C3 Collaborating for Health believes that only by working together can we make it easier to be healthy.

Seminar 10: Good health at low cost

The latest in C3’s series of International Breakfast Seminars was given by Dr Tracey Koehlmoos on 18 October 2011, on Good health at low cost: can Britain learn from Bangladesh’s low-cost, low-tech solutions to the chronic disease crisis?

Dr Koehlmoos is a health systems scientist with the International Centre for Diarrhoeal Disease Research, Bangladesh (ICDDR,B).

  • Slides from the event are available here >>
  • A full report of the event is available here >>

Dr Koehlmoos was in London for the launch of a new book, which outlines a large study exploring the development of the health system in Bangladesh, Good Health at Low Cost (click here >>), undertaken by the ICDDR,B. She gave insights into the health system in Bangladesh, and the strides being taken to focus attention on the emerging NCD challenge in the country.

At its founding in 1971, following the War of Liberation, Bangladesh was the poorest country in the world. Today, life expectancy has increased from 45 (in 1960) to 66, child mortality has decreased from 240 per 1,000 to 45 per 1,000, and there is no longer seasonal famine – the challenges are food security and affordability.

There have been three key factors in shaping and strengthening the health system:

Political commitment to health: This transcends party politics, so major reforms continue during government change, resulting in ongoing development – for example, the country is on track to achieve the MDG on child mortality, fertility has declined from 6.2 to 2.7 children per woman, there is a policy of developing indigenous pharmaceuticals, and a sector-wide approaches are encouraged rather than vertically funded programmes.

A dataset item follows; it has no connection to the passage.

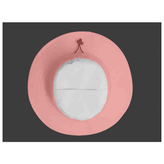 薄赤色で着色した部分以外の部分(帽子のトップクラウン)が、意匠登録を受けようとする部分であり、薄赤色で着色した部分は、意匠登録を受けようとする部分ではない。

Community health workers: They are the backbone of the public and non-state sectors, providing low-tech, low-cost solutions.

Role of the non-state sector: 2,000 NGOs extend government capacity, and 400,000 people have been partially trained as informal care providers.

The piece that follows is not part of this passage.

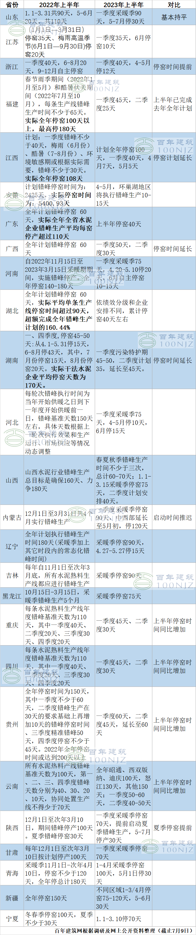 错峰生产是保证水泥行业适应市场变化和符合环境要求的有效途径,可以保障水泥有效供给,实现行业效益稳增长的目的。上半年需求整体表现不佳,多地窑线错峰较往年有所变化:

The country is facing a serious NCD challenge, as 26 per cent of the population is already over 60 – and the number will increase 10-fold by the end of the century. Tobacco use is increasing (especially among women), cardiovascular events are happening at younger ages, and women have more diabetes complications than men. NCDs account for 54 per cent of deaths – an apparently dramatic increase, although this may also partially be explained by better data collection. There is also a lack of good evidence of effectiveness of interventions.

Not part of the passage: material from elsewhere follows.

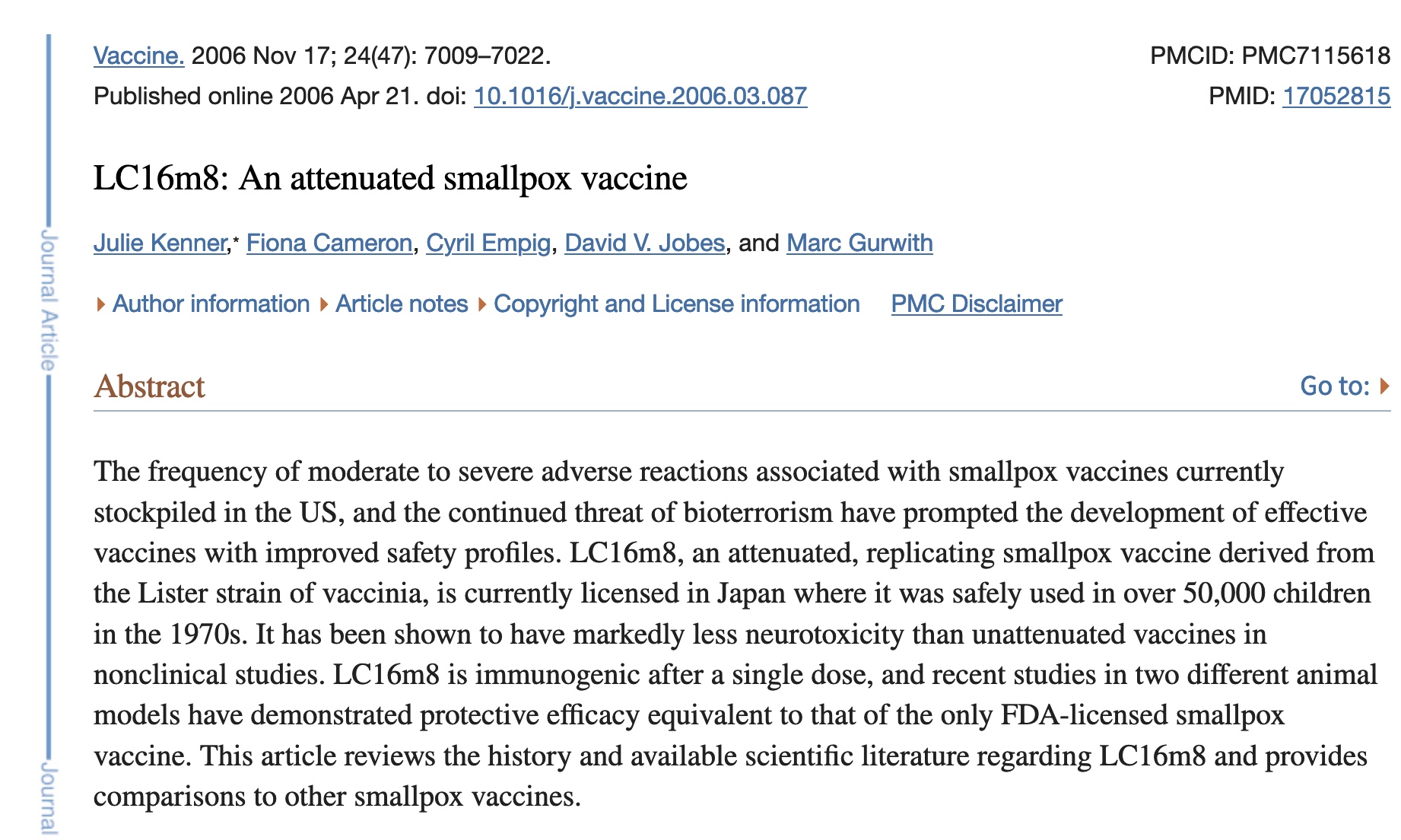 But in terms of monkeypox, the 2nd vaccine the WHO revealed today that it plans to use deserves a look. Below are selected passages from the 2006 article I linked to on how the LC16 vaccine was developed (from the same German grandparent vaccine as MVA-BN) in Japan to try and avoid the 20 cases of encephalopathy (most of whom were infants and died) per million doses of smallpox vaccine administered, that occurred in the 1960s and earlier.

The discussion that followed covered topics including:

  • using lay workers to promote health, both in the United Kingdom (pharmacy workers) and Bangladesh. It is challenging to encourage professionals to relinquish control. In Bangladesh, physicians are orientated towards particular projects, but the lay workers are trained to implement them;
  • how to achieve continuity and coherence of development of the health system over time and between governments;
  • using social media; and
  • the role of the pharmaceutical companies.